= Orquesta Sinfónica de la Universidad de Guanajuato =

Mexican symphony orchestra

The Orquesta Sinfónica de la Universidad de Guanajuato (OSUG) is the resident symphonic orchestra for the University of Guanajuato, located in the state of the same name in central Mexico. It was founded shortly after the School of Music at the University in 1952 under the direction of José Rodríguez Frausto. This made the University for first in Mexico with a resident symphonic orchestra.

==History==
Over its history, the orchestra has worked with national and international soloists and directors such as Eduardo Mata, Enrique Diemecke, Kurt Pahlen, Kurt Redel, Leif Segerstam, Neeme Järvi, Pascal Verrot, John DeMain, Jorge Federico Osorio, Claude Helffer, Homero Francesch, Bernard Flavigny, Christian Lindberg, Gerhart Muench, Jorge Risi, Phillipe Pelletier, Fernando de la Mora, Encarnación Vázquez and Ramón Vargas.

Enrique Bátiz became director in 2005. Prior to Guanajuato, Bátiz founded the Symphonic Orchestra of the State of Mexico in 1971 and was its director. He has participated in over 500 concerts in various parts of the world and in 145 recordings including those with the Royal Philharmonic Orchestra, the London Philharmonic Orchestra and the Mexico City Philharmonic Orchestra.(boletin) OSUG maintains strong ties to the State of Mexico orchestra, playing with the Chorus of this orchestra in 2010, and having Luis Manuel Sánchez from the Youth Symphonic Orchestra of the state as a guest conductor.
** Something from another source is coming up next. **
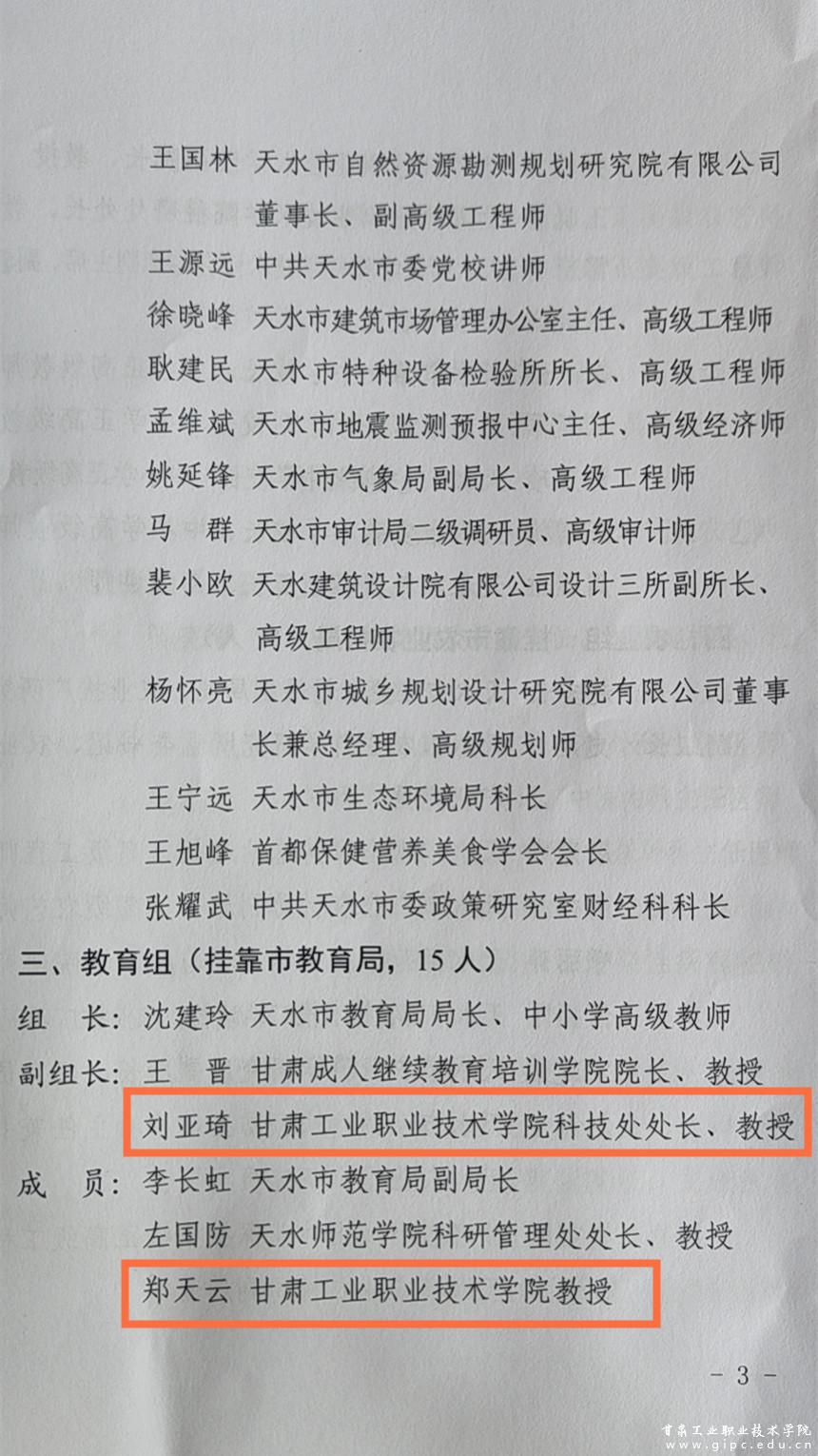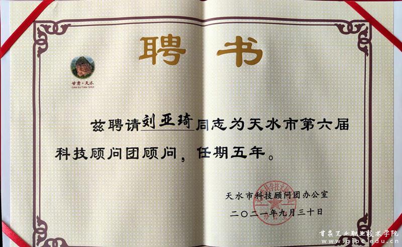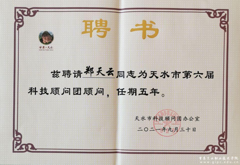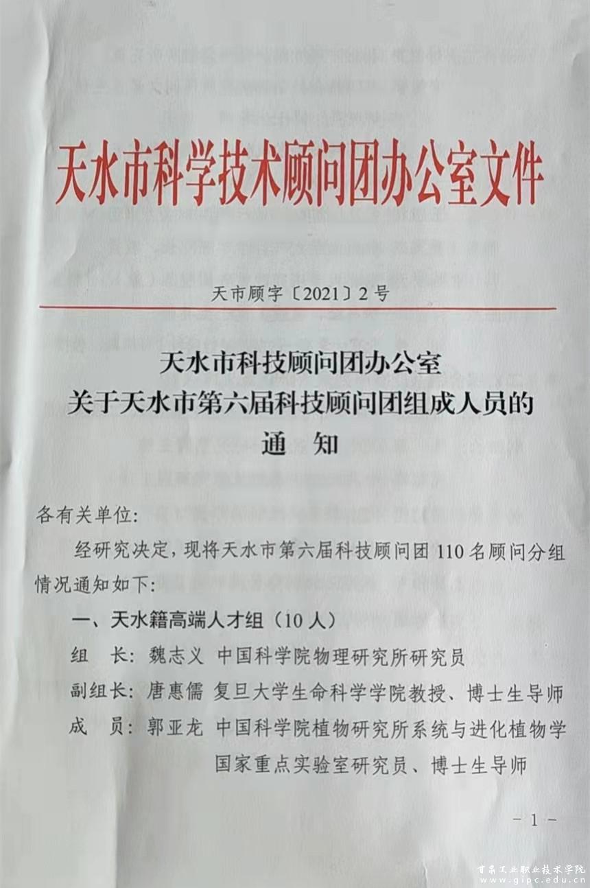 根据天水市科技顾问团办公室《关于天水市第六届科技顾问团组成人员的通知》(天市顾字[2021]2号),Beat365教师刘亚琦、郑天云成为天水市第六届科技顾问团成员。 (供稿/图片:科技处 编辑:杨佳欣 编审:王莹芝)
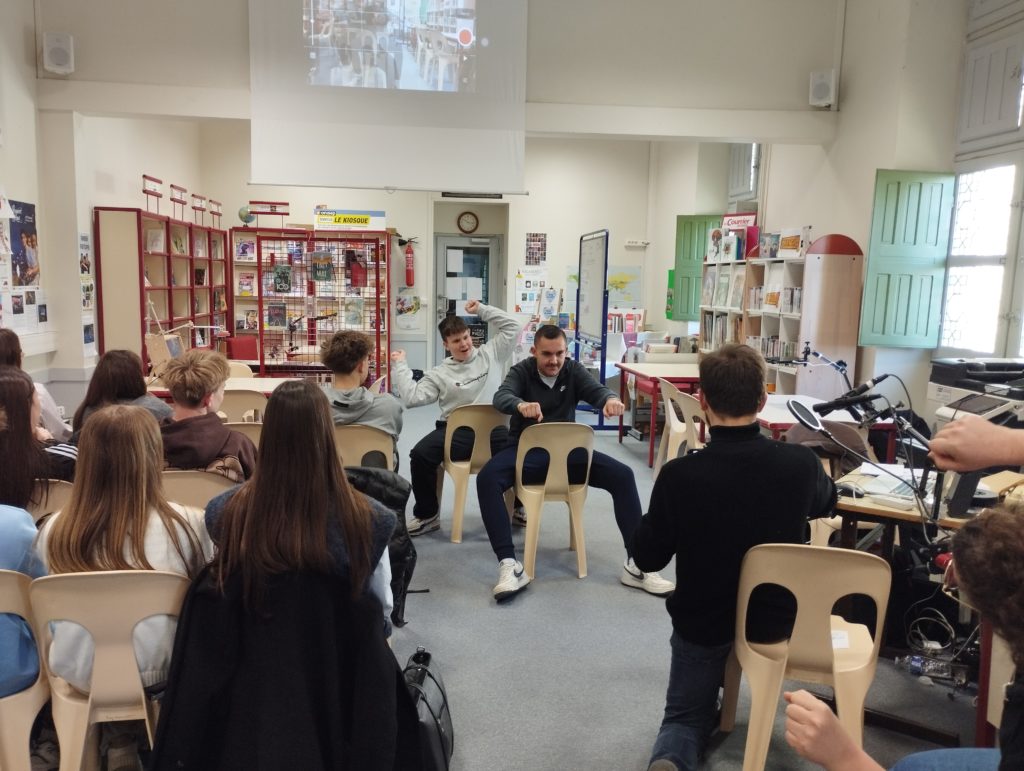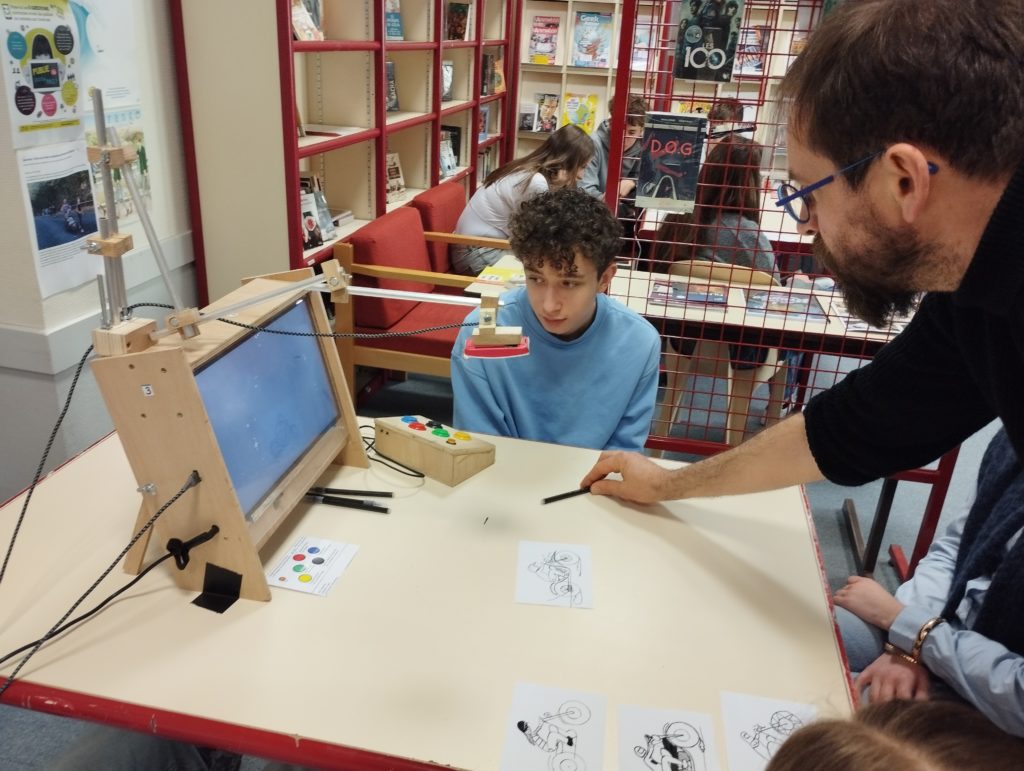 Le second atelier était consacré au bruitage. Les élèves ont utilisé leur voix ou des petits objets amenés par Simon Astié pour recréer différents sons : moteurs, accélérations ou chutes. Le réalisateur, grâce à sa maitrise technique, a ensuite pu synchroniser leurs bruitages avec l’extrait vidéo de la chute de vélo de Buster Keaton, un exercice à la fois ludique et exigeant.

The orchestra is a regular performer at the annual Festival Internacional Cervantino, which occurs in the same city in which the orchestra is based. For the 2011 version, OSUG is scheduled to perform works by Gustav Mahler and Franz Liszt.

==Ensamble Zephyrus==
The Ensamble Zephyrus is a quintet of members of the Orquesta Sinfónica de la Universidad de Guanajuato (OSUG) who play more contemporary pieces on wind instruments with the aim of reaching younger audiences. Members of the group include Helen Louise Wolff on flute, Héctor Eduardo Fernández Purata on oboe, Hugo Manzanilla Victoria on clarinet, Michelle Lee Pettit on French horn and Alan Monahan on bassoon. It has also had guest artists playing with them such as Antonio Rosales on bass clarinet. Their repertoire has included works by Afforismi II, George Perle, Iris Szeghy, Leoš Janáček and Josúe Zamora from the state of Guanajuato. The quintet has played in conjunction with the OSUG and separately under their own name such as in the Festival Internacional Cervantino.